Mathematical beauty Series 12-cosine theorem and news Classification

Source: Internet
Author: User
Tags idf
 

Poster: Wu Jun, Google researcher

The cosine theorem and the classification of news seem to be two things out of reach, but they are closely related. Specifically, the classification of news relies heavily on the cosine theorem.

Google News is automatically classified and organized. The so-called news classification is nothing more than putting similar news into a category. A computer can only perform computation quickly because it does not understand news. This requires us to design an algorithm to calculate the similarity of any two news articles. To do this, we need to find a way to describe a piece of news with a set of numbers.

Let's take a look at how to find a set of numbers or a vector to describe a news article. Recall the concept of TF/IDF introduced in "How to measure webpage Relevance. For all the real words in a news article, we can calculate their single text vocabulary Frequency/inverse text frequency value (TF/IDF ). It is hard to imagine that the frequency of real words related to news topics is high, and the TF/IDF value is very large. We sort the TF/IDF values of these words in the vocabulary. For example, a vocabulary contains 64,000 words, which are

Word no.
------------------
1
2.
3. Alibaba Cloud
4 Ayi
...
789 clothing
....
64000 homework

In a news article, the TF/IDF values of the 64,000 words are

Word number TF/IDF Value
====================
1 0
2 0.0034
3 0
4 0.00052
5 0
...
789 0.034
...
64000 0.075

If a word in a word table does not appear in News, and the corresponding value is zero, the 64,000 number forms a 64,000-dimensional vector. We use this vector to represent the news and become the feature vector of news. If the feature vectors of two news articles are similar, the corresponding news content is similar. They should be in the same category, and vice versa.

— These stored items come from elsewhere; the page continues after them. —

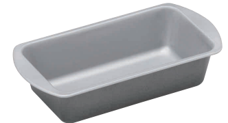
⑬ パウンドケーキ型 SV [DPND-03] E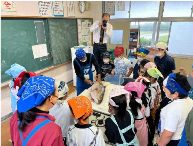
料理教室の様子（屋久島町小瀬田小） 令和4年11月18日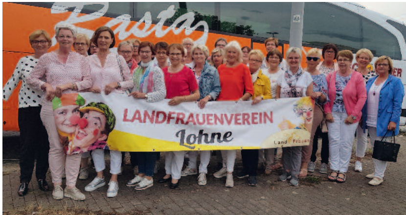
Lohner Landfrauen besuchten Mainz.

Mainz war das 3-tägige Ziel der teilnehmenden Landfrauen. Hier besuchten sie zunächst das große traditionelle Mainzer Weinfest, mit seiner einzigartigen Atmosphäre im Stadtpark und Rosengarten. Nach der Führung durch die Altstadt mit ihren Fachwerkhäusern und mittelalterlichen Marktplätzen und einem Besuch im Mainzer Dom, schauten sie sich auch im Botanischen Garten um. Der Botanische Garten der Johannes Gutenberg-Universität wurde in den Jahren 1946 bis 1955 auf einem Gelände angelegt, das zuvor eine landwirtschaftliche Nutzfläche mit Obstbäumen und ein militärisches Übungsgelände war. Zum Abschluss stand der Besuch des ZDF-Fernsehgartens auf dem Programm. Die Unterhaltungssendung wird live vom Gelände des ZDF-Sendezentrums in Mainz-Lerchenberg übertragen.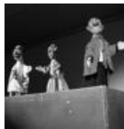
lazio Titirijai.

Zine foruma. ▶ Los climas , azaroaren 8an. ▶ Muerte en venecia , azaroaren 15ean. ▶ Esto es ritmo , azaroak 22. Zinema. ▶ Sin reservas , azaroaren 9tik 12ra. ▶ Promesas del este , azaroaren 16tik 19ra. ▶ Tinko , azaroaren 19an. Haurrentzako zinema. ▶ Erase una vez... un cuento al reves , azaroaren 11n, 17:00etan. ▶ Lassie , azaroaren 18an. Antzerkia. El jefe de todo esto , azaroaren 10ean, estreinaldia. Mundua Tolosan. ▶ Cesaria Evoraren kontzertua, azaroaren 13an. ▶ Carlos Nuñez , azaroak 23. Sentsibilizazio Astea. Azaroaren 16 eta 17an, Gaingaitzen elkarteak antolatuta. Nazioarteko Txotxongilo

Anyone who has learned vector algebra knows that a vector is actually a line segment with a direction in a multi-dimensional space. If the direction of the two vectors is the same, that is, the angle is close to zero, then the two vectors are similar. To determine whether the direction of the two vectors is consistent, the cosine theorem is used to calculate the angle of the vector.

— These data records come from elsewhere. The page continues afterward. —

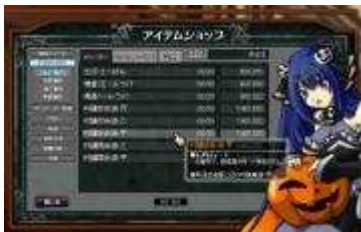
ゲーム画面「ショップ」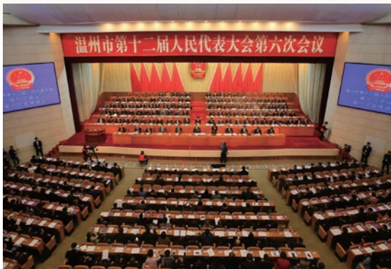
2月26日上午，温州市第十二届人民代表大会第六次会议在市人民大会堂胜利召开

温州市第十二届人民代表大会第六次会议于2016年2月26日至2月29日在市人民大会堂隆重举行。会议听取审议并表决通过了张耕代市长所作的温州市人民政府工作报告、温州市国民经济和社会发展的第十三个五年规划纲要、温州市2015年国民经济和社会发展规划执行情况及2016年国民经济和社会发展规划、温州市2015年全市和市级预算执行情况及2016年全市和市级预算、温州市人大常委会工作报告、温州市中级人民法院工作报告、温州市人民检察院工作报告、《温州市制定地方性法规条例》等。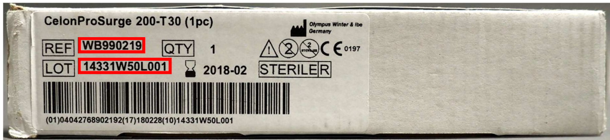
Image 2 : numéro de modèle (REF) et de lot (LOT) sur l'étiquette de l'emballage extérieur (vue latérale)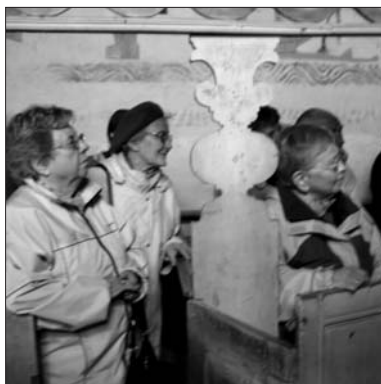
Andektige tilhørere lytter til sogneprestens preken under messen for St. Paul menighet i Moster gamle kirke.

The cosine theorem is no stranger to each of us. It describes the relationship between any angle in a triangle and three sides. In other words, given the three sides of a triangle, we can use the cosine theorem to obtain the angle of each angle of a triangle. Assume that the three sides of a triangle are A, B, and c, and the corresponding three angles are A, B, and C, then the cosine of angle --

If we regard B and c on both sides of a triangle as two vectors, the above formula is equivalent

The denominator represents the length of the two vectors B and c, and the numerator represents the inner product of the two vectors. For example, if the vectors corresponding to news X and news Y are
X1, x2,..., x64000 and
Y1, y2,..., y64000,
The cosine of the angle is equal,

When the cosine of the two news vectors is the same as that of the moment, the two news are completely duplicated (this method can be used to delete duplicate webpages). When the cosine of the angle is close to that of the moment, the two news are similar, this can be classified into a category; the smaller the cosine of the angle, the less irrelevant the two news.

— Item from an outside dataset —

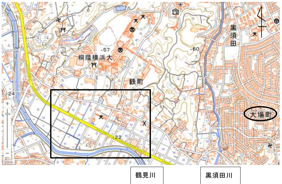
図1 桐蔭学園周辺の地図 〔「地理院地図」に加筆して作成〕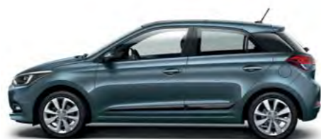
Aqua Sparkling metalik

When we learned the cosine theorem in middle school, it was hard to imagine that it could be used to classify news. Here, we can see the purpose of the mathematical tool again.

Contact Us

The content source of this page is from Internet, which doesn't represent Alibaba Cloud's opinion; products and services mentioned on that page don't have any relationship with Alibaba Cloud. If the content of the page makes you feel confusing, please write us an email, we will handle the problem within 5 days after receiving your email.

If you find any instances of plagiarism from the community, please send an email to: info-contact@alibabacloud.com and provide relevant evidence. A staff member will contact you within 5 working days.

A Free Trial That Lets You Build Big!

Start building with 50+ products and up to 12 months usage for Elastic Compute Service

  • Sales Support

    1 on 1 presale consultation

  • After-Sales Support

    24/7 Technical Support 6 Free Tickets per Quarter Faster Response

  • Alibaba Cloud offers highly flexible support services tailored to meet your exact needs.